The Rust code at present:

After using a platform specific implementation to create a struct (let’s name it driver), you can then implement:

  • PhasePwmPins: giving you the PhasePwmPins::set_pwms(&mut driver, ....) method
  • FocController: Giving the ``FocController::set_phase_angle(&mut driver, …)` method
  • PosSensor: Giving let pos = PosSensor::read_elec_angle(&driver);
  • With PosSensor, and TimeSource implemented, you can then implement MotionTracker, giving access to the that traits interface, which would include methods such as:
    • push_pos_time
    • latest_velocity
    • latest_accel
    • latest_jerk
    • telemtetry_dump

So if you want to just set foo_pwms, you do this in rust code:

fn main() -> ! {
    // esp32 boilerplate to get access/control of relevant peripherals
    let peripherals = Peripherals::take();
    let system = peripherals.SYSTEM.split();
    let clock_ctrl = ClockControl::boot_defaults(system.clock_control);
    let clocks: Clocks = clock_ctrl.freeze();

    let io = IO::new(peripherals.GPIO, peripherals.IO_MUX);
    let pins = io.pins;

    // Pass peripherals into driver constructor
    let mut driver = Esp3PWM::new(
        (pins.gpio1, pins.gpio2, pins.gpio3),
        (pins.gpio4, pins.gpio5),

    // set duty cycles to "meaning of life, universe and everything"
    let foo_a = DutyCycle(0.42f32);
    let foo_b = DutyCycle(0.42f32);
    let foo_c = DutyCycle(0.42f32);
    MotorHiPins::set_pwms(&mut driver, foo_a, foo_b, foo_c);

    // and let's not burn things out?
    MotorHiPins::set_zero(&mut driver);

    loop {}

…you could, of course, use the different elements to bring together the different things that make up FOC to create a true FOC driver.

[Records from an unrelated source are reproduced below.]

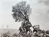Op de voorgrond planten soldaten een boom en op de achtergrond windturbines.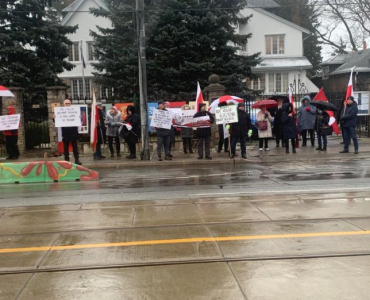 Protest pod Konsulatem Przed Konsulatem Generalnym RP w Toronto protestowała grupa Polaków przeciwko łamaniu prawa i naruszeniom praworządności przez obecny rząd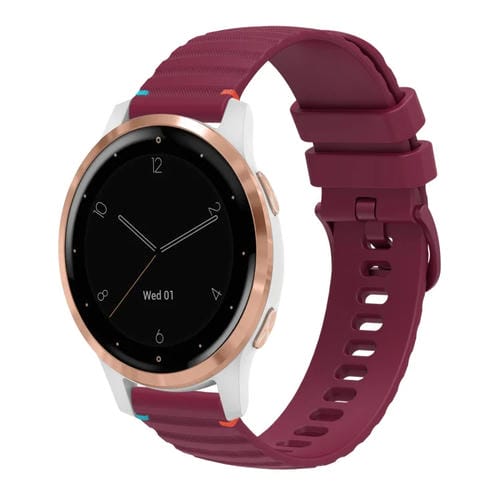 Correa de Silicona Garmin Vivoactive 4S 18mm Puntadas Onduladas (Rojo Vino)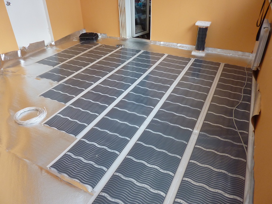 Это наиболее простая система из всех доступных. Ее легко обустроить. Нагревательный элемент представляет собой пленку. Поставляется теплый пол в рулонах шириной 0,5 м. Инфракрасные системы можно без каких-либо опасений применять с любыми типами финишных покрытий. Если в квартире будет ламинат, специалисты рекомендует именно ИК-пол. Начать укладку напольного покрытия можно сразу же после того, как завершится процесс монтажа теплого пола. Инфракрасный подогрев более экономичен, отличается простым устройством и его монтаж более дешевый. Устанавливать пленку можно как и в стяжку, так и обойтись без нее.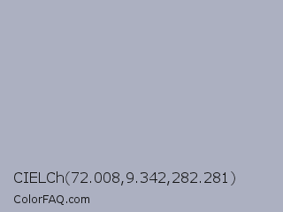 CIELCh 72.008,9.342,282.281 Color is a light blue color and the nearest color is Cadet Blue #a9b2c3. Hex code #acb0c1 and RGB value is rgb(172,176,193). In RGB color space, this color is composed of 67% red, 69% green, 76% blue, In CMYK color space, this color is composed of 11% cyan, 9% magenta, 0% yellow , 24% black , In HSL color space, this color has a hue angle of 229° , 14% saturation and 72% lightness.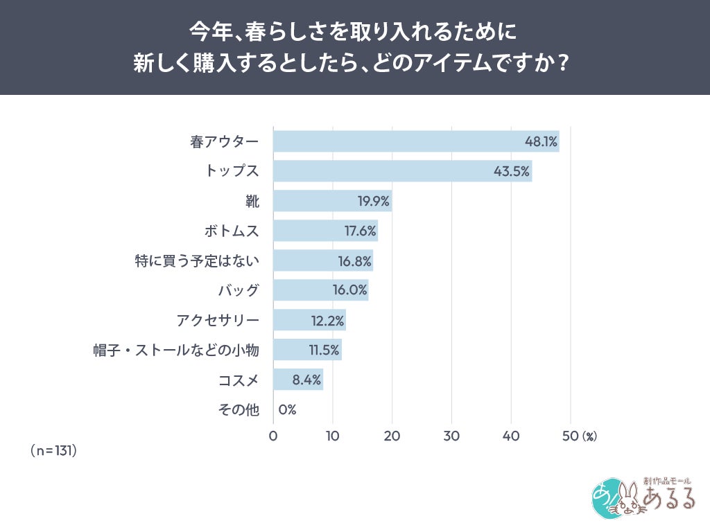 色や小物など取り入れ方が多様に広がる一方で、春を感じるための具体的なアイテムとしては、服そのものを選ぶ人も多いことがうかがえます。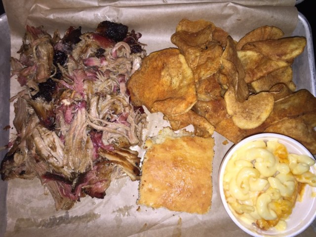 I ordered the pork and rib combo, intending to share the ribs with my dear, with sides of (house-made) potato chips and mac-n-cheese.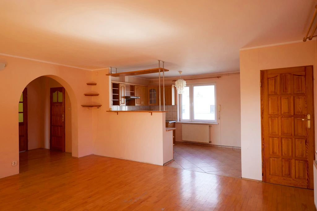 Zum Verkauf steht ein freistehendes Einfamilienhaus im beliebten Stadtteil Gumieńce. Die Immobilie befindet sich auf einem ebenen, rechteckigen Grundstück von 493 m² und bietet mit einer Gesamtfläche von 178,34 m² und einer Nutzfläche von 280,50 m² viel Platz für eine Familie. Das Haus wurde 1974 erbaut und befindet sich in einem guten baulichen Zustand, ist jedoch renovierungsbedürftig – ideal für Käufer mit kreativen Ideen!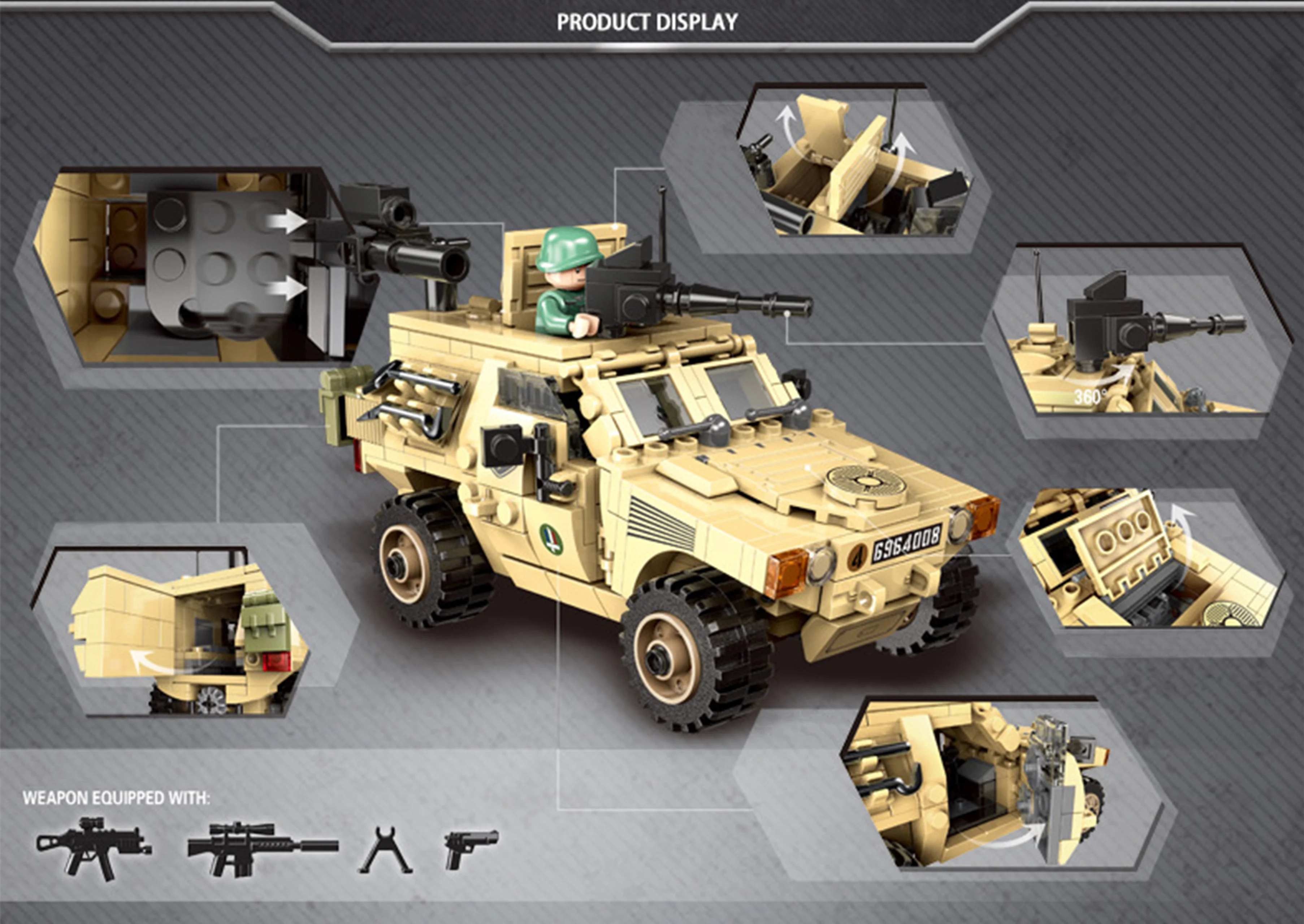 HMMWV, 2 soldiers, total 265 PCS blocks, 1 color detailed assembly manual.

// If something implements MotorHiPins, PosSensor, TimeSorce, etc..., then it can expose the
// FOCMotor interface
pub trait FOCMotor: MotorHiPins + PosSensor + TimeSource + etc... {
    pub fn default_foc_loop(self) -> ! {

So back to my original question: What are some of the pre-requisites and interfaces needed in order to provide the end user with a “primary playground” looking a bit like this?:

// Pass in a thing with all the resources needed to make a motor...
fn portable_main(mut driver_uninit: impl UninitFOCMotor) -> ! {
    // Let's adjust the default initial config a touch...
    let foc_initial_config = ...;
    // And add some "extras"...
    let driver = driver_uninit
        // Pass something in to define the nature of this listener. spi? usb? tx/rx channel?
        // suppose we want to cache telemetry such as movement, phase-energisation, etc...
        // Probably pass in a UART thing of some sort here
        // ...and point of no-return. 
        // Before: - An interface backed by a platform specific struct that has cached things 
        //         like gpio pins, pulse-count peripherals, etc.
        //         - Compile-time configurations baked into the generics of the contructor.
        // After:  - An interface backed by a platform spicific struct that owns initialised
        //         hardware such as pwm pins, pulse counters, etc.
        //         - Compile-time configurations such as voltage limit, speed limit, etc.
        //           optimised and baked directly into the compiled binary.

    // jump into the infinate foc-loop 


I think a primary question to ask is what objective you are trying to achieve?

I’m of course quite partial to SimpleFOC’s style of abstraction based on Objects - it follows the Arduino convention and is easy for users to understand. The principal objects used follow the hardware the user can touch: motor, driver, sensor. In addition there are few more easy to understand objects like “current sense”, “Commander” and “SimpleFOCDebug”.
Of course it also has some disadvantages, but I think it is consistent with our goal to make FOC easy and accessible.

An implementation whose primary focus was performance would probably choose a different API.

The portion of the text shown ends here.